Cela faisait des années que l’on en parlait. « La Lazio va rééditer le maillot du -9 » , pouvait-on entendre ou lire à droite à gauche, ici sur un forum, là au café du coin. Mais pour tous les tifosi, c’était impossible. Comme si le PSG ressortait le maillot RTL, ou si l’OM nous dégainait un maillot Panasonic. Pourtant, après des années et des années de négociations, la Lazio l’a fait. L’équipementier, Macron, a trouvé un accord avec la famille Casoni (aucun lien de parenté avec Bernard) pour récupérer les droits de ce maillot mythique de l’histoire du club. Le club aurait voulu le sortir pour le derby romain, le 11 janvier dernier, deux jours après avoir fêté ses 115 ans d’existence. Mais il manquait encore quelques détails. Deux semaines plus tard, la tunique est prête. Les joueurs ont posé avec, et jeudi 22, jour de sa sortie officielle, les supporters ont fait la queue à la boutique officielle pour aller se le procurer. Mais pourquoi donc un maillot provoque-t-il autant d’émoi ? Pour le comprendre, il faut remonter le temps, et revenir dans les années 80. Ou même, un petit peu avant.

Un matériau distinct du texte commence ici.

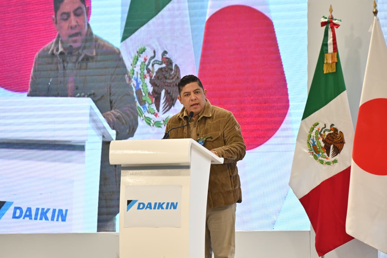 Ricardo Gallardo Cardona, Gobernador de San Luis Potosí, encabezó la apertura del nuevo Complejo Daikin Manufacturing, proyecto de la empresa japonesa, fabricante de aires acondicionados y sistemas de refrigeración, con el que invirtió en el Estado 310 millones de dólares, lo que generará más de 3 mil empleos directos para las y los potosinos, constatando, así, el importante avance que la entidad mantiene en su economía y la inversión industrial.
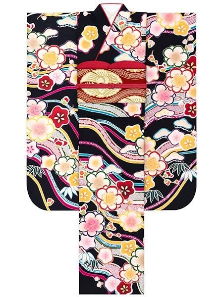 振袖レンタルセット アネモネブーケ(黒)/帯 亀甲(黒)

Les drames Maestrelli et Re Cecconi, puis la Serie B
1974. La Lazio remporte le premier Scudetto de son histoire. Une équipe dingue composée de Giorgio Chinaglia, Luciano Re Cecconi, Pino Wilson et du coach Tommaso Maestrelli. Bien partie pour régner sur la Botte, malgré le départ de Chinaglia pour les New York Cosmos, la Lazio va pourtant connaître une série de drames ahurissante. C’est d’abord l’entraîneur, Maestrelli, père fondateur de cette équipe, qui tombe malade. Il se soigne, revient, mais le mal réapparaît. Le 2 décembre 1976, il décède, laissant la Lazio orpheline. Deux mois plus tard, le 18 janvier 1977, c’est le maître à jouer de l’équipe, Luciano Re Cecconi, qui perd la vie. L’Angelo Biondo reçoit une balle d’un flingue calibre 7,65 en plein thorax, après être entré dans une bijouterie et avoir fait croire au vendeur qu’il s’agissait là d’un braquage. Il s’agissait évidemment d’une blague, sauf que le vendeur de la bijouterie, paniqué, ne l’a pas reconnu, a sorti son pistolet et a tiré. Profondément heurtée par ces deux drames, la Lazio redevient une équipe anonyme. 11e en 1978, 8e en 1979. Arrivent alors les années 80. Une nouvelle décennie synonyme de renouveau ? Tu parles.
Le 1er mars 1980, un commerçant révèle que des joueurs de la Lazio l’auraient incité à parier sur des matchs truqués. C’est le début de l’affaire du Totonero, le premier grand scandale de combines en Italie. Le filon est vite remonté, et les policiers interpellent effectivement des joueurs de la Lazio, mais aussi du Milan AC, d’Avellino, de Bologne et de Perugia. La sentence tombe : la Lazio et le Milan AC sont relégués administrativement en Serie B.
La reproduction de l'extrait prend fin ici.